=== Given data ===
=-=-=-=-=
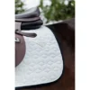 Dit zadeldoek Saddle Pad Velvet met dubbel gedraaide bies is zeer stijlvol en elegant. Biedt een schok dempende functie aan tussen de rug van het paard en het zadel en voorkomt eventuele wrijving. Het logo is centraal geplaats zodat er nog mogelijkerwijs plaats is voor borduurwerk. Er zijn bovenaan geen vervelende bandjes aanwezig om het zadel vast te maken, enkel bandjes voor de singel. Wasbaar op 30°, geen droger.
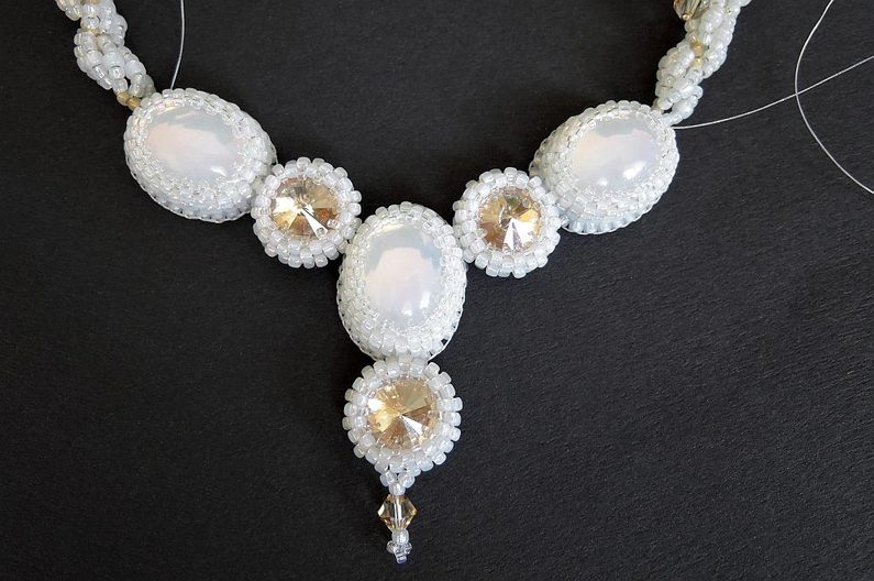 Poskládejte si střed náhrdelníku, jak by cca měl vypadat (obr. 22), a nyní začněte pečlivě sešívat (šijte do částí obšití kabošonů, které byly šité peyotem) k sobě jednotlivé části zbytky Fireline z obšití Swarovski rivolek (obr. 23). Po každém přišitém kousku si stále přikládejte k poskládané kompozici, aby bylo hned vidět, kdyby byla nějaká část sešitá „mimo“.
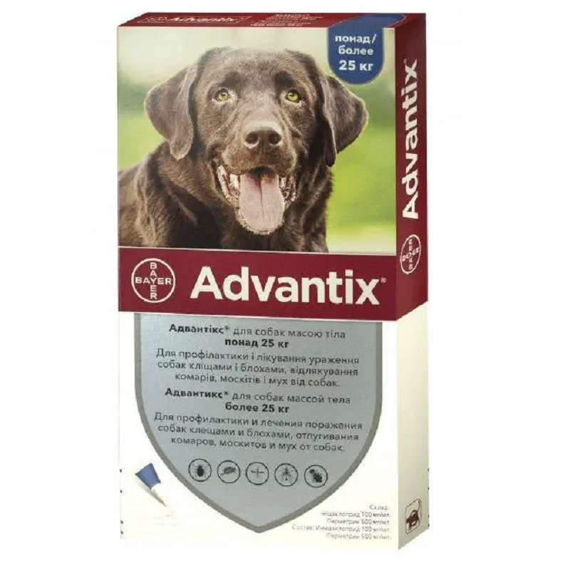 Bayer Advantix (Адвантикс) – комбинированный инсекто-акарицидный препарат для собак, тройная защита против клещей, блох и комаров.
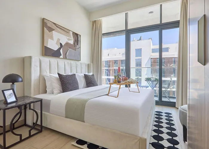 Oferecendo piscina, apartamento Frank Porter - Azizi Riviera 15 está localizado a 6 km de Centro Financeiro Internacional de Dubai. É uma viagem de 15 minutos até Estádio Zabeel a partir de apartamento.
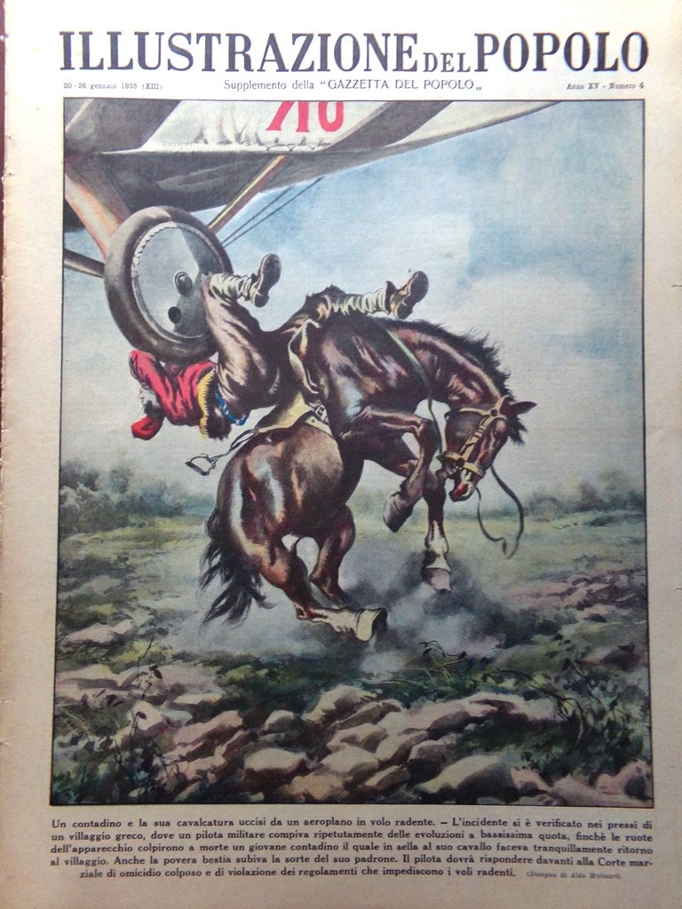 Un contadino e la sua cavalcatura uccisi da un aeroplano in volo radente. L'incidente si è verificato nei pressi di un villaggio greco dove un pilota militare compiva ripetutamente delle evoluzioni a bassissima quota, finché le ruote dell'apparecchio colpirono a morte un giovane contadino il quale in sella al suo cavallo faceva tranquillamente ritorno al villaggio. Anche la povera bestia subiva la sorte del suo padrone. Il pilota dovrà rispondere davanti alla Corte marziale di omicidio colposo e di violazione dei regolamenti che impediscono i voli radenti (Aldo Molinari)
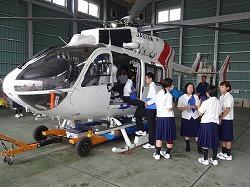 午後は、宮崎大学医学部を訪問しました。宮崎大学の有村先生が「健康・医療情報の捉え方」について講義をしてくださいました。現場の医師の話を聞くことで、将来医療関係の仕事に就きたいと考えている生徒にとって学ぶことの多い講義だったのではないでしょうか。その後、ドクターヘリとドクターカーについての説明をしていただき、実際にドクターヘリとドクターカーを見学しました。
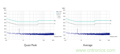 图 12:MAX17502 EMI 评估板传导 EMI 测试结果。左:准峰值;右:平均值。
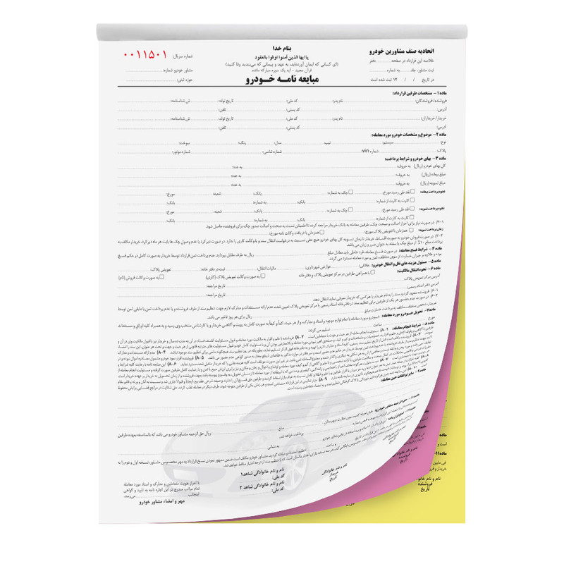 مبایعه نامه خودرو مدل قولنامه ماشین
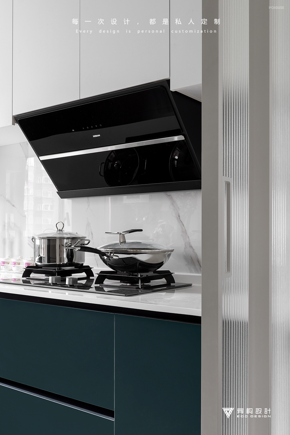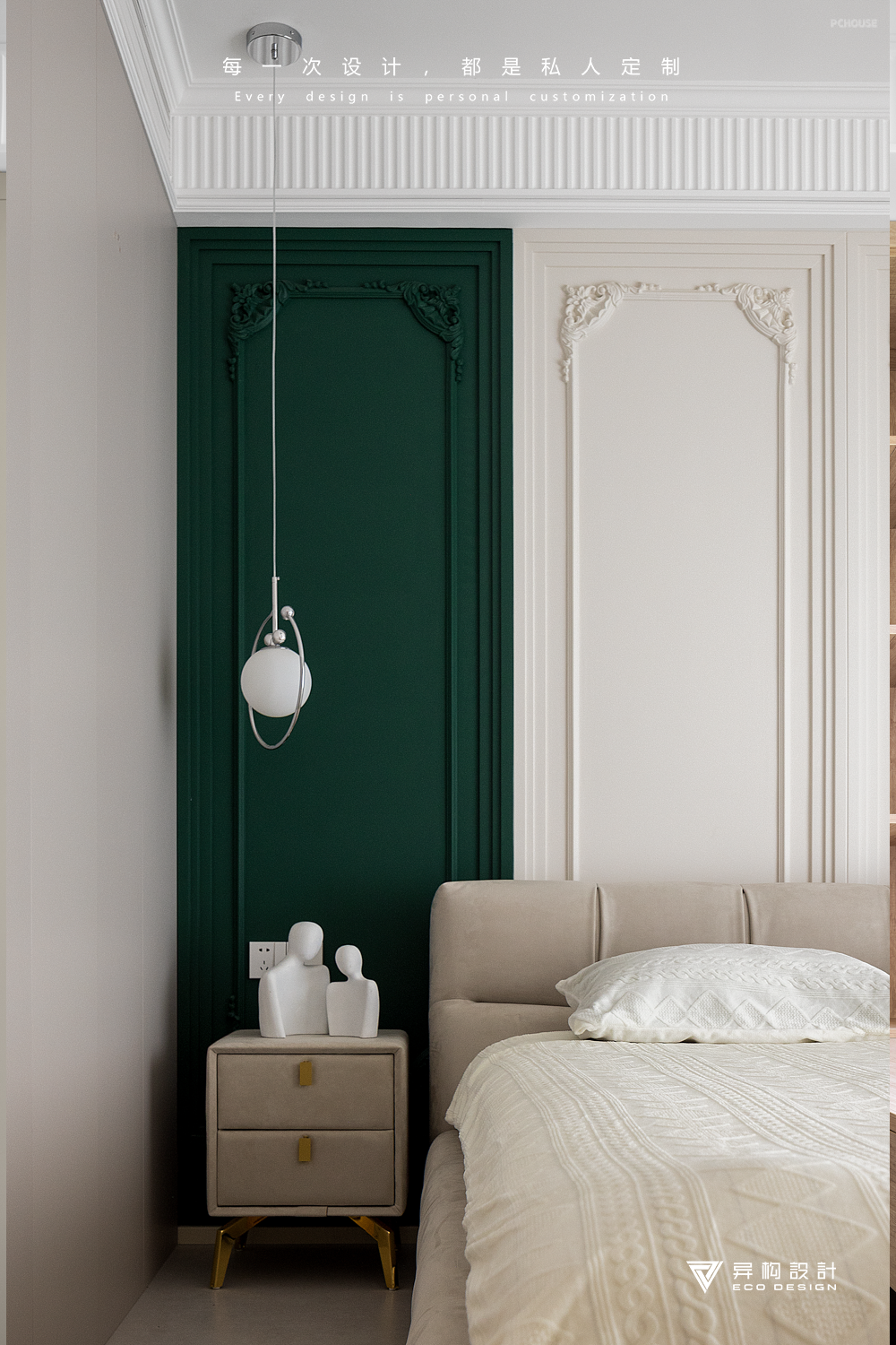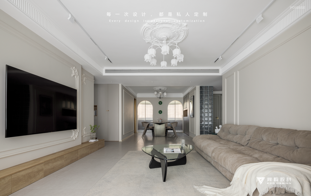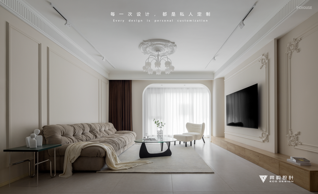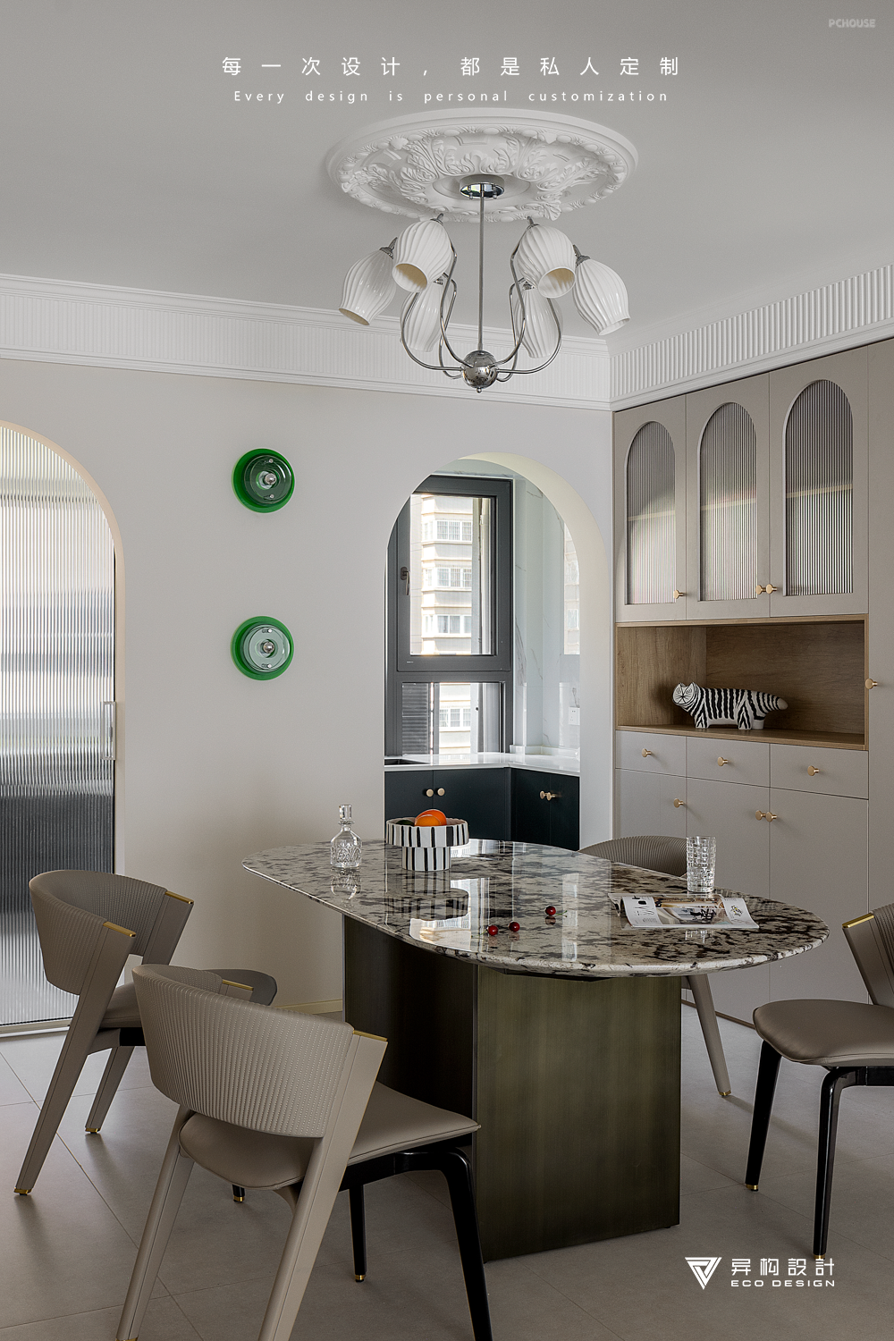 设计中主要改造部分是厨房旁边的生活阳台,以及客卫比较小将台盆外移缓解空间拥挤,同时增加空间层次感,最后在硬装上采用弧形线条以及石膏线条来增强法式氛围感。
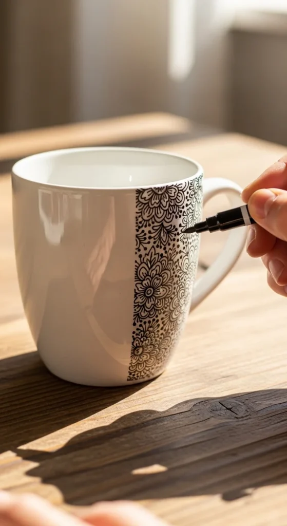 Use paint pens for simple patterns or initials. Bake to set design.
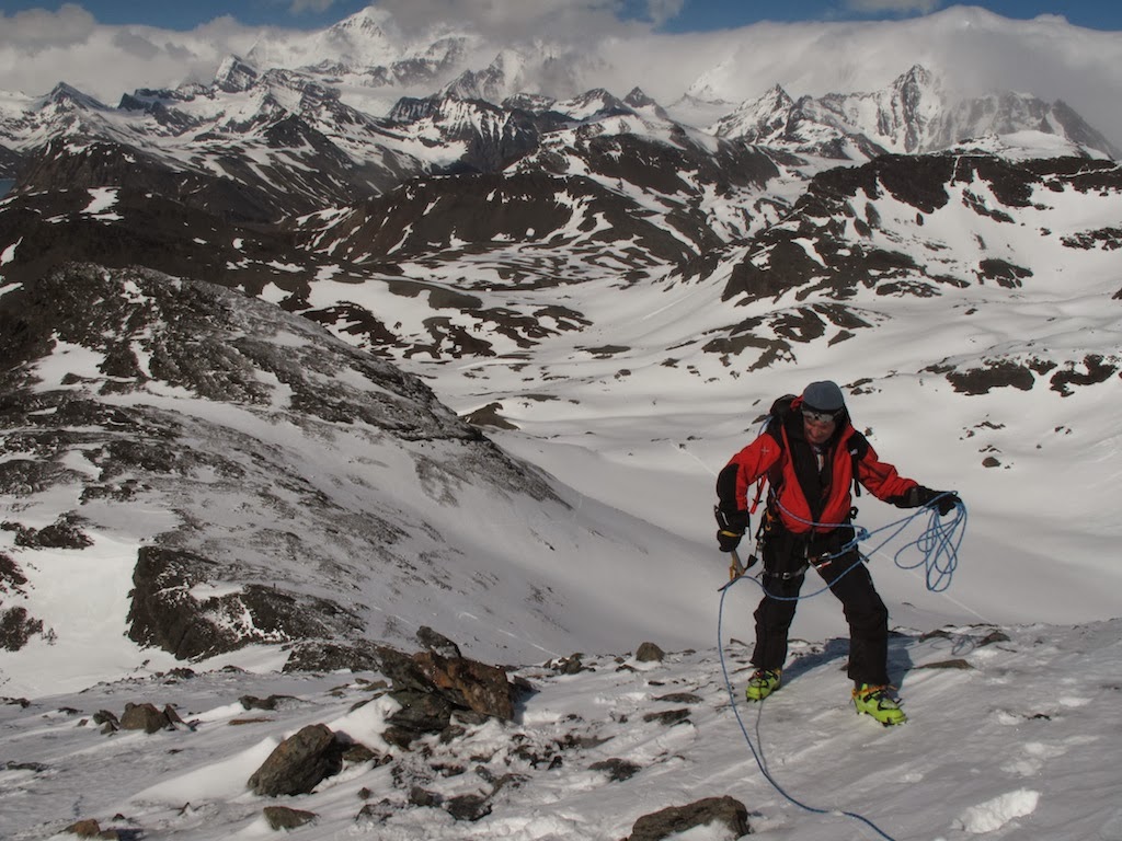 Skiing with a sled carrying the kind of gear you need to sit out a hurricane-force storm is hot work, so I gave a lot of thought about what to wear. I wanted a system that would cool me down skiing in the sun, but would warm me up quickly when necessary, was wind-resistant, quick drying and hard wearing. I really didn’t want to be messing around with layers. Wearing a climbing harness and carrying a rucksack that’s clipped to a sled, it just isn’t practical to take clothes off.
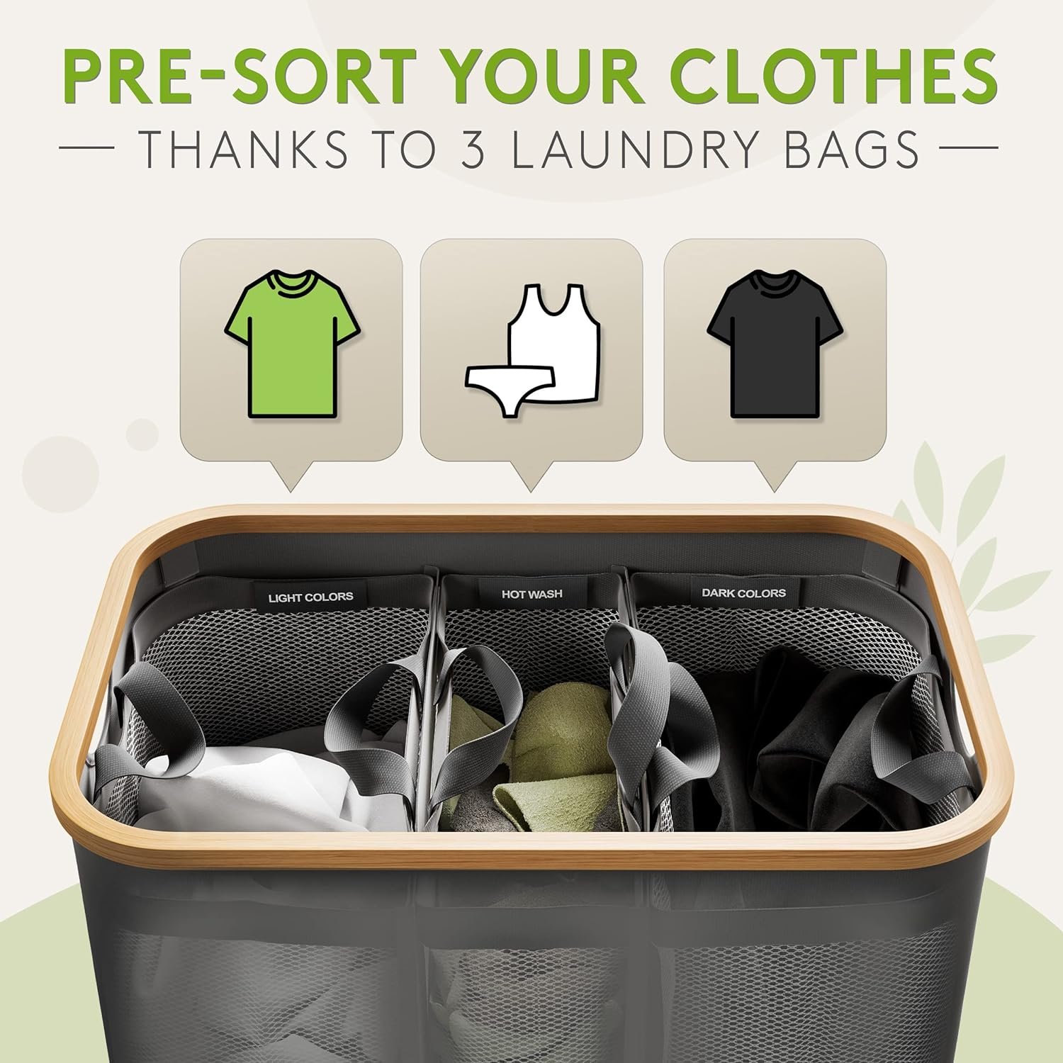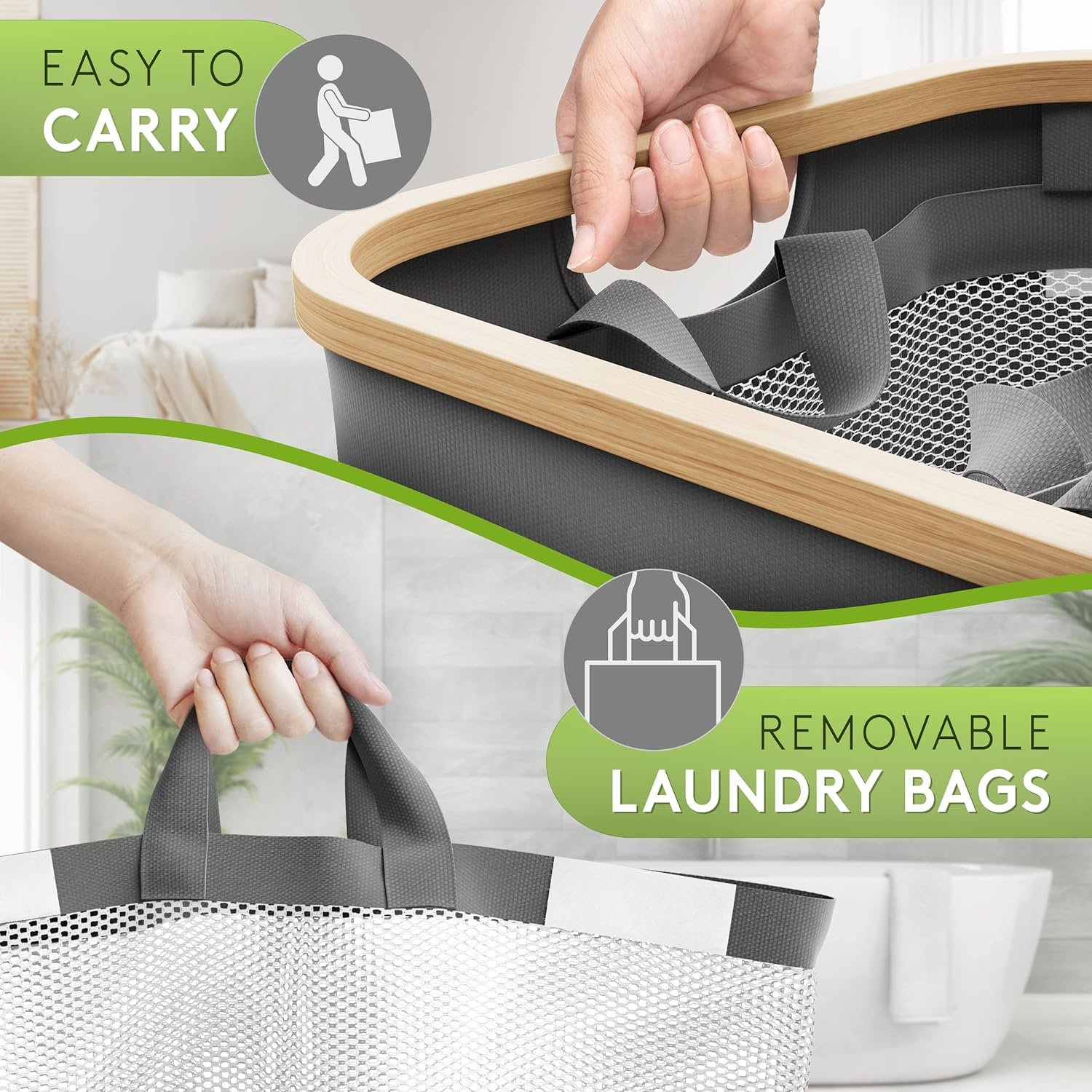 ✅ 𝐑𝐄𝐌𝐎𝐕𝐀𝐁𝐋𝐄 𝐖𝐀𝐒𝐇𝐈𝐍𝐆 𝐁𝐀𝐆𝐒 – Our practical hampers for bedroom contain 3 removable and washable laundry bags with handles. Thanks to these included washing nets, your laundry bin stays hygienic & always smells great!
=-=-=-=-=
=== Work instruction ===
Range to copy from the records above: the line containing "Poskládejte si střed" to the line containing "Oferecendo piscina, apartamento", both included. Output those lines exactly and only those, skipping pictures.

=== Task solution ===
 Poskládejte si střed náhrdelníku, jak by cca měl vypadat (obr. 22), a nyní začněte pečlivě sešívat (šijte do částí obšití kabošonů, které byly šité peyotem) k sobě jednotlivé části zbytky Fireline z obšití Swarovski rivolek (obr. 23). Po každém přišitém kousku si stále přikládejte k poskládané kompozici, aby bylo hned vidět, kdyby byla nějaká část sešitá „mimo“.
 Bayer Advantix (Адвантикс) – комбинированный инсекто-акарицидный препарат для собак, тройная защита против клещей, блох и комаров.
 Oferecendo piscina, apartamento Frank Porter - Azizi Riviera 15 está localizado a 6 km de Centro Financeiro Internacional de Dubai. É uma viagem de 15 minutos até Estádio Zabeel a partir de apartamento.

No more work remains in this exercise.